A research of Clínica Universidad de Navarra y Cima has shown that blocking a protein (Id1) can slow lung cancer in patients with the KRAS gene mutation, who account for 30% of all patients with this tumor. The study, published in the journal Cancer Research, offers hope for the treatment of this subtype of lung cancer, which is usually more aggressive and less responsive to treatment, as it boosts the search for new drug therapies for these patients.

"KRAS is the oncogene that most frequently causes the appearance of various types of tumors, such as lung cancer, and for which, however, we do not currently have a personalized treatment. Hence, the enormous relevance of investigating therapeutic options directed against this mutation, which until now has been an orphan of therapeutic options in the field of precision medicine", acknowledges Dr. Ignacio Gil Bazo, co-director of department of Medical Oncology at Clínica Universidad de Navarra and one of the principal investigators of this study.

In this search for treatments, the researchers at the Clinic and Cima have discovered that by targeting the factors through which the KRAS mutation exerts its pro-tumor action, they can slow tumor progression and the possibility of metastasis. development To do this, it is necessary to inhibit Id1, a gene that this team had already demonstrated "that confers a series of advantageous properties for tumor growth and also favors tumor angiogenesis (vascular growth) and metastasis".

By blocking the action of this protein, the tumor cannot progress, even though the KRAS mutation does not disappear. "Strategies that act directly on KRAS have not been able to reach the patient, either because they are ineffective or because of their high toxicity, which is why this new strategy that acts on the factors that make it possible for it to act is relevant. If we prevent KRAS from acting, although it is still there, it does not develop its pro-tumorigenic capacity", adds Dr. Silvestre Vicent, researcher of the Solid Tumors Program at Cima , who also co-led this study.

A long research

This new scientific article brings together two lines of research that have been developed in parallel, one at the Clinic and the other at Cima. On the one hand, the line led by Dr. Silvestre Vicent has focused on lung tumors derived from the KRAS oncogene and how it acts on the tumor. The second study, led by Dr. Gil Bazo, has investigated the Id1 gene and its impact on tumor growth and the appearance of metastasis.

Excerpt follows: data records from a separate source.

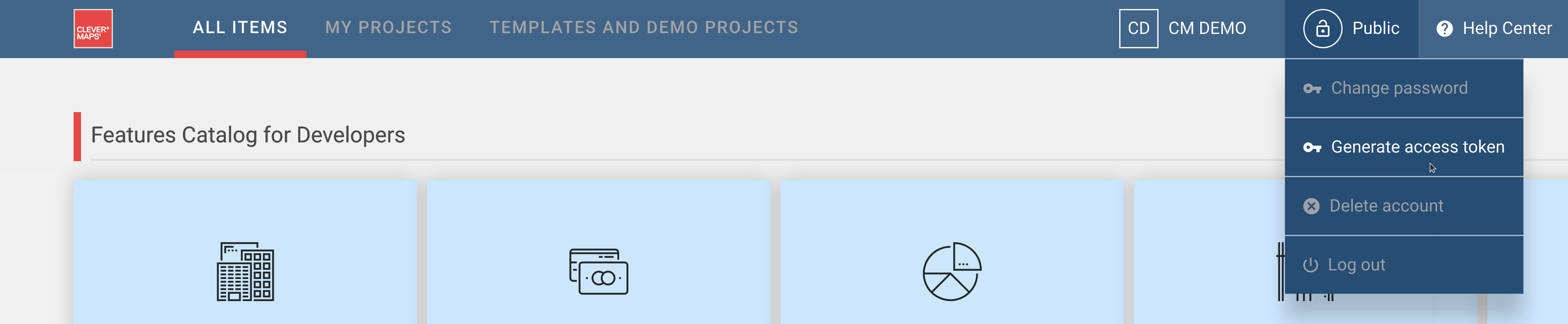 Access the clevermaps platform with your service user credentials and generate an access token by clicking the option in public access menu in top toolbar.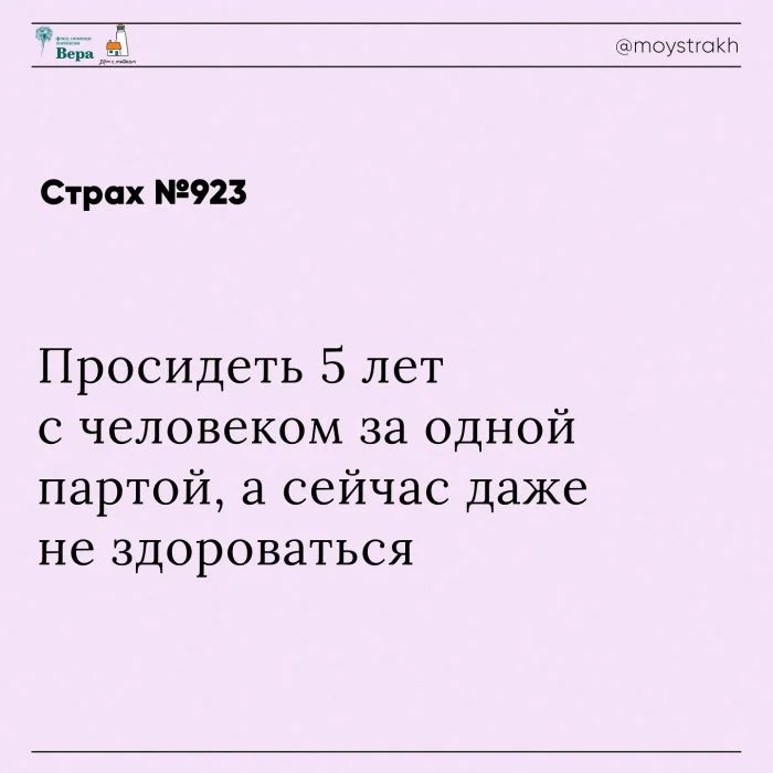 Страхи — это то, с чем сталкиваются многие, но никто не хочет им поддаваться. Проект "Мой страх" создан, чтобы помочь людям почувствовать себя не одинокими, демонстрируя, что у каждого есть свои фобии и даже самые обычные вещи могли когда-то нас пугать.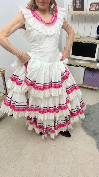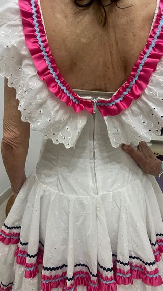 Vestido de estilo sevillana con volantes y detalles. - Diseño con múltiples capas de volantes. - Adornos de cinta rosa y negra. - Cuello con volantes y detalle de cinta. - Tejido blanco con pequeños ojales.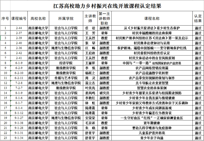 在省教育厅主办的江苏高校“助力乡村振兴 千门优课下乡”在线开放课程征集中,我校推荐申报的《农产品流通数字化转型》《乡村青少年朋辈关系促进与校园欺凌预防》等23门课程入选。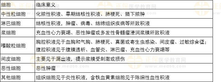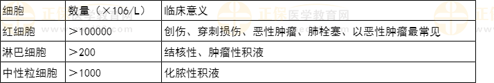 (2)臨床意義:漏出液中細胞較少,以淋巴細胞和間皮細胞為主,滲出液中細胞種類較多。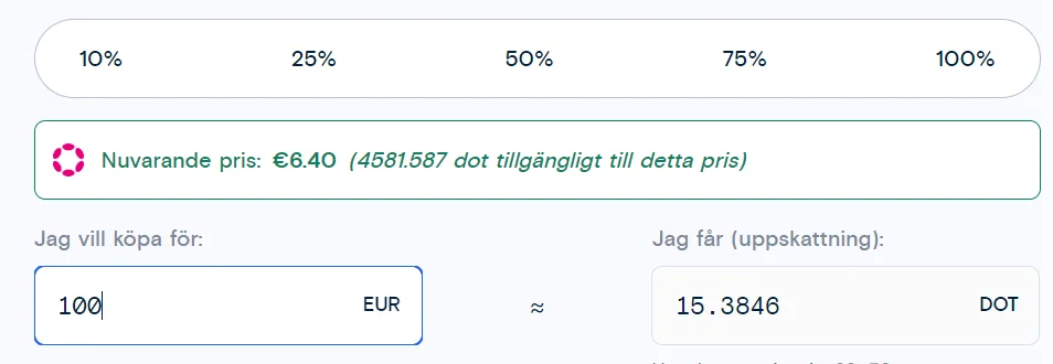 Att köpa kryptovalutan, DOT, innebär att du äger tillgången. Det går att köpa DOT både på svenska och utländska börser. Därefter kan du välja mellan att ha kvar kryptovalutan på börsen eller skicka den till en egen kryptoplånbok eller ett projekt inom Polkadot.

"By pooling the preliminary work of both groups, we saw that there was probably an interaction between the factors studied in each laboratory that opened up the opportunity to develop a joint research and thus unravel the involvement of Id1 in all those harmful oncogenic properties generated by KRAS in patients with lung adenocarcinoma. And that is what we have demonstrated in this article", recognizes Dr. Marta Román, first author of the work and who is developing her thesis doctoral work in this field at Dr. Gil Bazo's laboratory .

Until then, Dr. Vicent's group had demonstrated the existence of a series of factors that give patients with KRAS mutations in their tumor a worse prognosis and a poor response to treatments. The mutated KRAS gene and the FOSL1 gene converged in them. With this new study they have shown that the link between the two is the Id1 gene. "We have seen that when we are able to block the action of Id1, both in the tumor cell and in the tumor microenvironment where the cell is implanted, tumor growth is halted and even prevented," says Dr. Román. 

"Lung cancer is the tumor with the highest number of patients diagnosed and the highest number of patients who die each year. This study represents a paradigm shift that allows us to continue advancing and researching in the pharmacological design inhibitors against this tumor", conclude Dr. Vicent and Dr. Gil Bazo.